Interesting times indeed. I think the early history of medicines takes away from your observation though. In the 19th and early 20th century people didn't know why medicines worked, they just did. The whole "try a bunch of things on mice, pick the best ones and try them on pigs, and then the best of those and try a few on people" kind of thing. In many ways the mice were a stand in for these models, at the time scientists didn't understand nearly as much about how mice worked (early mice models were pretty crude by today's standards) but they knew they were a close enough analog to the "real thing" that the information provided by mouse studies was usefully translated into things that might help/harm humans.
So when you're tools can produce outputs that you find useful, you can then use those tools to develop your understanding and insights. As a tool, this is quite good.
"Best methods" is doing a lot of heavy lifting here. "Best" is a very multidimensional thing, with different priorities leading to different "bests." Someone will inevitably prioritize reliability/accuracy/fidelity/interpretability, and that's probably going to be a significant segment of the sciences. Maybe it's like how engineers just need an approximation that's predictive enough to build with, but scientists still want to understand the underlying phenomena.
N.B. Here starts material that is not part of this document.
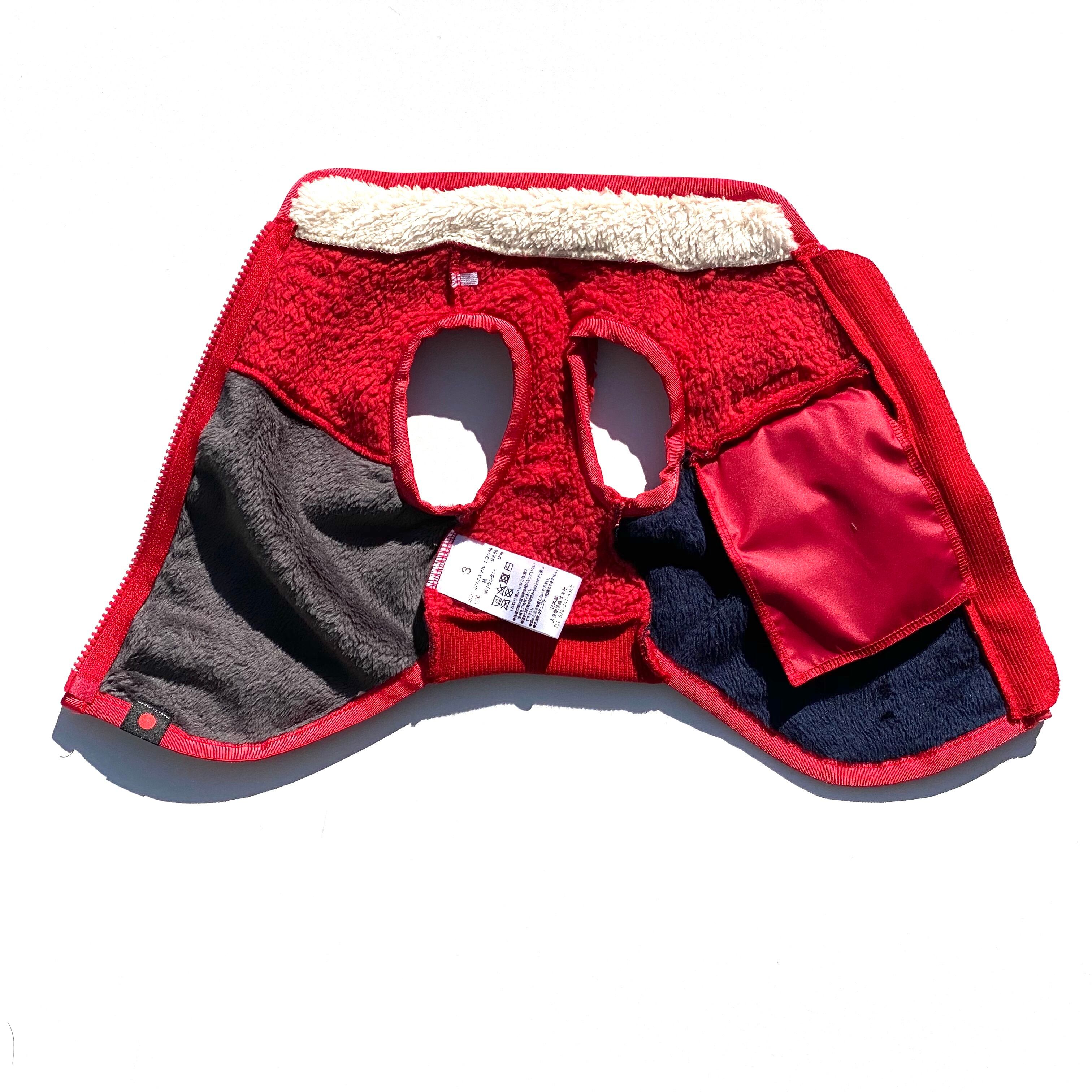 背面上部は、毛足の短いボアフリース生地で

There will be an analogy to how some people just want an opaque model that works on a restricted domain for their purposes, but others will be interested in clearer models or unrestricted/less restricted domain models.
It could lead to a very interesting ecosystem of roles.
Even if you just limit the discussion to using the best model of X to design a better Y, limited to the model's domain of validity, that might translate the usage problem to finding argmax_X of valueFunction of modelPrediction of design of X. In some sense a good predictive model is enough to solve this with brute force, but this still leaves room for tons of fascinating foundational work. Maybe you start to find that the (wow so small) errors in modelPrediction are correlated with valueFunction, so the most accurate predictions don't make it the best for argmax (aka optimization might exploit model errors rather than optimizing the real thing). Or maybe brute force just isn't computationally feasible, so you need to understand something deeper about the problem to simplify the optimization to make it cheap.